CCIE SPv4 - MPLS - LDP Synchronization

Software versions:
IOS XE 15.5
IOS XR 5.3

The topology for this demo:
In modern networks today, circa 2016, IGP converges pretty quickly in comparison to yesteryear. Simply meaning that if you have and IGP that can re-route around issues or converge faster than say, LDP, can converge, that mean you could have forwarding issues. Case in point, if you have OSPF running, which we do, which can converge quickly, may converge faster than LDP can and begin forwarding traffic via IP and not LDP. That can break an L3 or L2 VPN. 

To remedy this potential issue, MPLS LDP synchronization is used to prevent that form happening.

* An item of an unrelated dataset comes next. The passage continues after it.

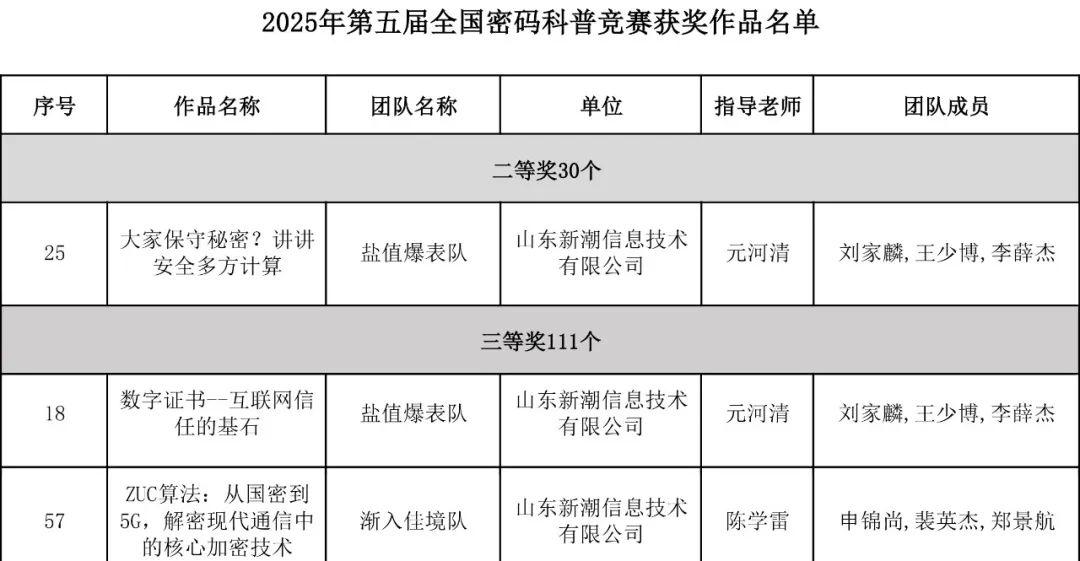 2025年8月14日,第五届全国密码科普竞赛决赛在河南新乡圆满落幕!本次竞赛由国家密码管理局指导,中国密码学会主办,中国密码学会教育与科普工作委员会、河南师范大学计算与信息工程学院承办。来自全国各地94个密码相关单位的347支团队报名参赛,提交参赛作品348件。经过形式审查与网络初评,158件参赛作品入围决赛。经过专家及大众网络评审,147件作品获奖,其中6个作品荣获一等奖,30个作品获得二等奖,111个作品获得三等奖。

What basically happens, when enabled, is IGP and LDP work in tandem, IGP will check with LDP to see if it's converged, if it is, then label forwarding is on. If there not in sync, not converged, then LDP will signal IGP to advertise a max-metric on that particular link so that IGP will be forced to route around it.  The only issue we can run into with this, and it's the reason why we want it enabled is that IGP may be required on a link that LDP would use to form an LSP over. Chicken before the egg, cart before the horse, pants before your underwear, LDP simply can't work without IGP already running. 

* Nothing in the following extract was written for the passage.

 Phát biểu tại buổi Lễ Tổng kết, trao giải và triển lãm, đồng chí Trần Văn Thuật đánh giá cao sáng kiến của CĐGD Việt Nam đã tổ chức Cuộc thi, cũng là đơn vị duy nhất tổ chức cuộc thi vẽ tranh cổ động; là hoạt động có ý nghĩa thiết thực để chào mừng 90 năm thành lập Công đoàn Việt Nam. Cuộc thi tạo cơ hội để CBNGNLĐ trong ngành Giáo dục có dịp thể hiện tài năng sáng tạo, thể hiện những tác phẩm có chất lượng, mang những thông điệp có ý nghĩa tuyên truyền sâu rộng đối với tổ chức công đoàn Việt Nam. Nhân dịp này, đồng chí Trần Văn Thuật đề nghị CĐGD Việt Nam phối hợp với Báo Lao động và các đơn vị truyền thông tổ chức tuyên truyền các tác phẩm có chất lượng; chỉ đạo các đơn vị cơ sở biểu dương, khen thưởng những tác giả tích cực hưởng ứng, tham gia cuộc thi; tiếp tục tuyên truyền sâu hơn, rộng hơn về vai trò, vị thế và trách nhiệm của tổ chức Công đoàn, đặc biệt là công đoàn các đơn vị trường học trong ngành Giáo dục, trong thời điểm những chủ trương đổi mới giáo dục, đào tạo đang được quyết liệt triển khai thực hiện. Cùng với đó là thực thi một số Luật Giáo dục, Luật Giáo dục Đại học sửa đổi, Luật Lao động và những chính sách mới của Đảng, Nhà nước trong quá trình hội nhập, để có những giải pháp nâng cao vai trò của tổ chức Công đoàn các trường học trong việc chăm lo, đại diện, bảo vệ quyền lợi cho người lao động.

So let's take a use case, R3 and R1 need to be able to talk to each other. I know it wouldn't be effective to have R1 as a PE, but just go with it. Pretend we may use PE to P MPLS TE tunnels later ok. We'll get LDP sync working on the left 6 routers, R1, 3, 4, XR1, 4 and 5. We need to make it look like IGP is working but LDP will not, whether a static route to null0, an ACL blocking TCP/UDP 646 or LDP being functional but not IGP with a passive interface for OSPF. We need to have IGP up and LDP down. 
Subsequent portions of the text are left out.